If I see a repo of rcfiles I know they care about working efficiently. If I
see abandoned stuff with more than 1 commit that's OK, that's something that
was cared about at one point. These are just two super generic examples.
Almost everything is a positive.

The _only_ thing I don't like to see is repos with 1 commit, and nothing other
than a README with the repo title in it. Not really negative, more of a 'cmon
gimme more.'

------
kanox
> What’s the best way to test if someone can do a particular job well? Get
> them to carry out tasks that are part of the job. See if they can do what
> they say they can do. It’s much harder for someone to lie and mislead an
> interviewer during actual work than during an interview. Using competency
> tests for a blinded interview process is also possible—interviewers could
> look at depersonalized test results to make unbiased judgments.

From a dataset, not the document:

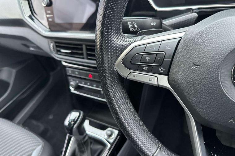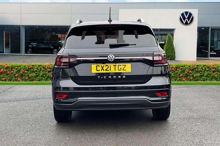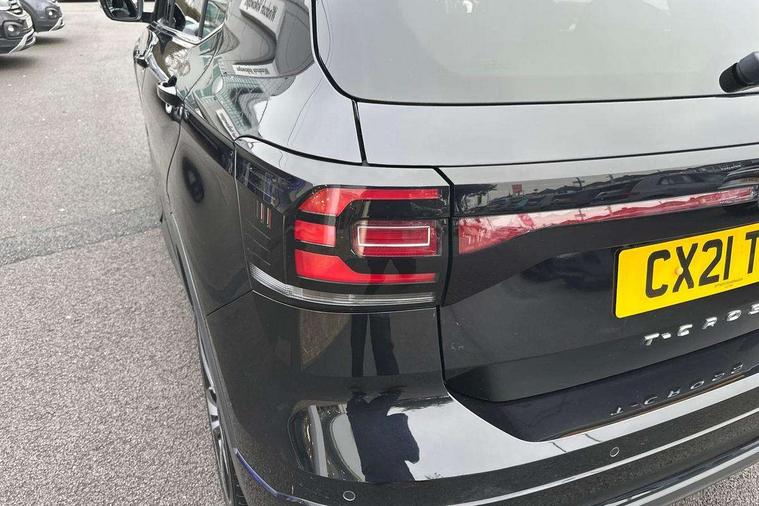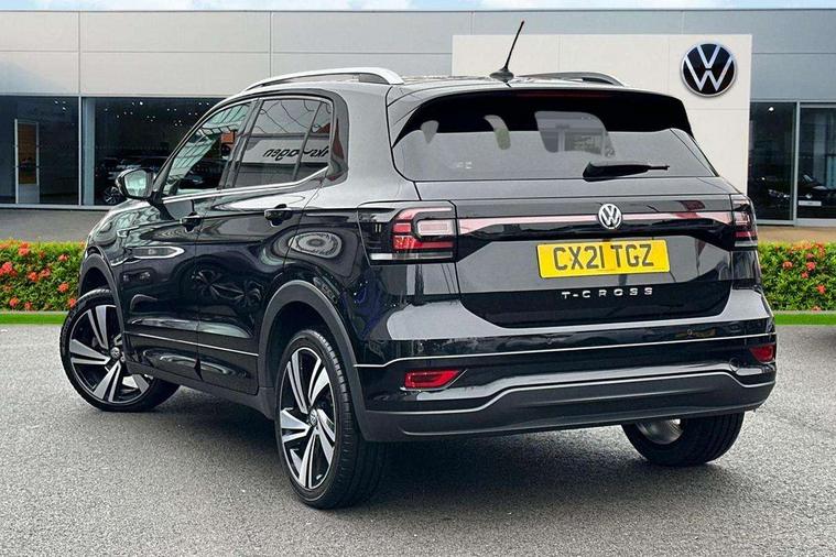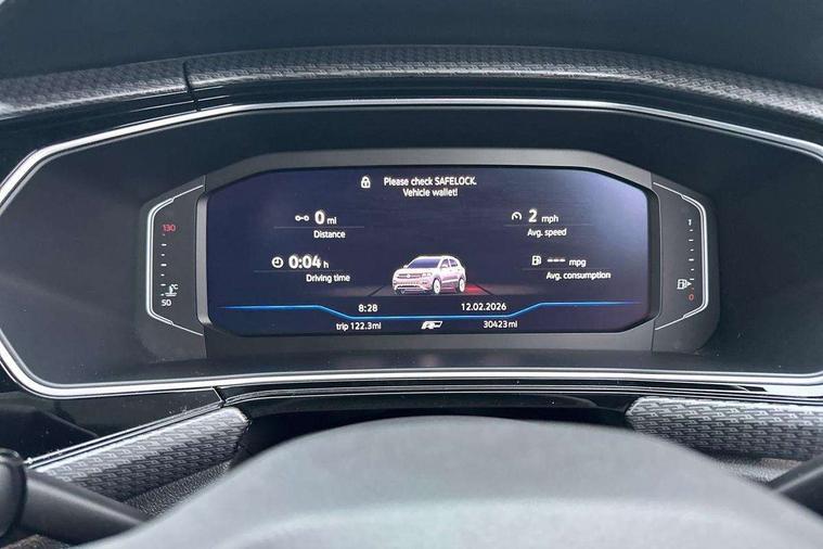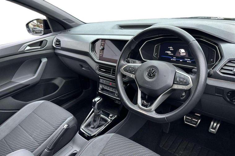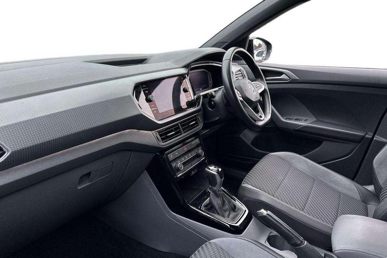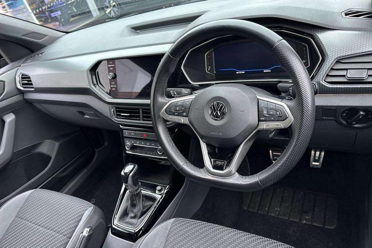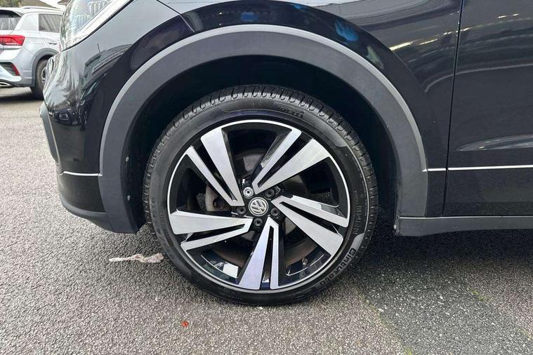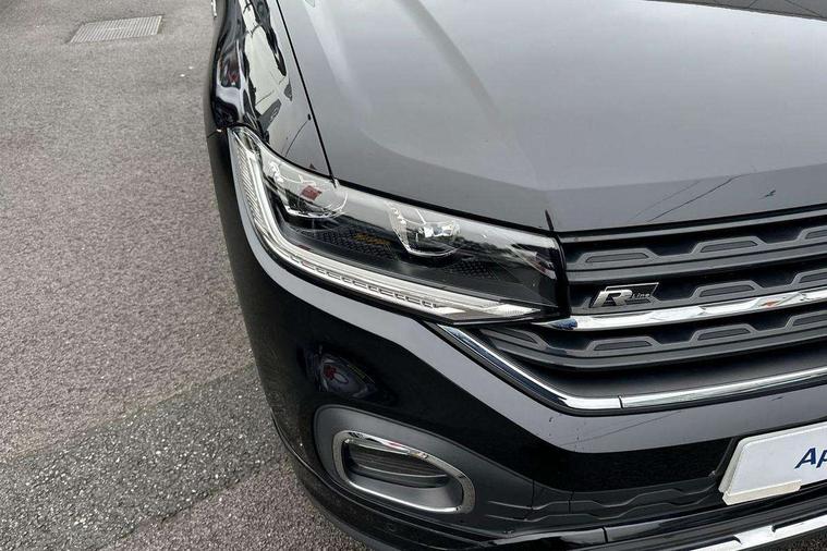 'Lights On' Reminder warning buzzer, 2D/3D map view, Adaptive cruise control including front assist, forward collision warning, autonomous emergency braking, speed limiter, Blind spot monitoring, Bluetooth telephone and audio connection for compatible devices, Car information display, Digital Cockpit Pro - Active info display, Driver alert system, eCall emergency call system, Lane assist, Low washer fluid warning light, Multifunction computer with visual gear change recommendation for fuel consumption, Operating permit alteration, Power assisted speed sensitive steering, Speed limit display, Speedo, rev counter, electronic odometer, trip, service interval display, exterior temperature and fuel gauge, Stop/start system, Warning sound and light for doors and tailgate open, Warning sound and light for front seatbelts unfastened, We connect plus preparation, Wireless Car net app connect with Apple CarPlay, combined functionality of Apple CarPlay/Android Auto and MirrorLink, Battery regeneration during braking, Misfuel prevention device, 2x USB connection with USB charging sockets and in rear centre console, DAB Digital radio receiver, Diversity antenna for FM reception, Multi device interface (MDI) with USB connection, Music playback - MP3, WMA and AAC files, Premium USB cable for Apple or Android smartphone compatibility, Simultaneous pairing of 2 compatible mobile devices, SMS Functionality, Three route options - Fast, Short, Eco, Title and cover art display, Automatic hazard lights activation under emergency braking, Body colour door handles, Body colour rear roof spoiler, Body coloured bumpers, Dusk sensor + automatic driving lights, Electrically foldable, adjustable and heated door mirrors with reverse activated kerb view adjustment on passenger's side, Front and rear electric windows, Front fog lights with static cornering function, Galvanised body, Heated rear window, High level 3rd brake light, Lower door sills and door pillars in black, Radiator grille with chrome trim and chrome bezel front fog lamp, Rear fog light on one side, reversing light on both sides, Rear lights incorporating LED technology, Rear tinted glass 65% approx light absorbing from B pillar backwards, Rear window aerial, Rear windscreen washer and wiper with interval delay, Reflectors in all doors, Silver roof rails, Stainless steel door sill protection, Tailgate with integrated roof spoiler, Unique R Line badging, Windscreen wipers/ intermittent wipe + 4 position delay, 12V Accessory socket in centre console, 2 Front and rear reading lights incorporating LED technology, 2 Zone electronic climate control with automatic air recirculation, 3 rear head restraints and 3 rear three point seat belts with ECE label, 60/40 split folding rear seat backrest, Ambient lighting and sourround lighting, Black headlining, Branded points of interest, Brushed stainless steel pedals, Carbon flag cloth upholstery, Drawer under drivers seat, Driver and front passenger sunvisor with vanity mirror, Driver's sunvisor with ticket holder, Dust and pollen filter, Front and rear carpet mats with contrast stitching, Front centre armrest with storage compartment, Front footwell illumination, Front seat back storage pockets, Front seat R Line logo with rear seat backrest, Front sports seat with height and lumbar adjustment, Glovebox, Heating and fresh air system with 4 stage blower, Height/reach adjust steering wheel, Instrument lighting white adjustable panel illumination, Interior light with delay, Isofix child seat preparation for 2 rear child seats, Leather trimmed three spoke multifunction steering wheel with contrast stitching and aluminium inserts with R Line logo, Luggage compartment cover, Luggage compartment lighting, Moveable and foldable Rear bench seat, Scuff plates in door apertures, Steering wheel paddle shift, Storage compartment in drivers and front passengers door, Variable boot floor, R Line styling pack - T-cross, Anti-lock Braking System (ABS) with Hydraulic Brake Assist (HBA), Automatic post collision braking system, Driver and front passenger safety-optimised head restraints, Drivers and Front Passengers airbags with front passengers airbag deactivation switch, ESC with EDL, ASR, EDTC and trailer stabilisation function, Extended and proactive pedestrian protection, Front and rear curtain airbags, Front seat side impact airbags, Height adjustable 3 point automatic front seatbelts with pretensioners, Hill start assist, Pre crash preventive occupant protection, Rigid safety cell with front and rear crumple zones, Single torn horn, Tyre pressure loss indicator, Volkswagen roadside assistance, Alarm with interior protection and deactivation via infotainment system, Child security locks in rear doors, Electronic engine immobiliser, Remote tailgate unlocking using key fob, Race decorative inserts in dash and doors, 18" Nevada black alloy wheels, Breakdown kit,

Why would a practical test be more effective than a discussion about prior
work experience? Short coding tests under pressure are extremely
unrepresentative of real work and I'm not sure homework-style interviews are
much better. I personally don't want to spend an entire weekend on your test
and I've dropped opportunities for that reason in the past.

All these "competency tests" are good for is catching blatant lying. Is this a
serious problem? In my view job interviews are mostly about finding a match
between skills/interests and project needs.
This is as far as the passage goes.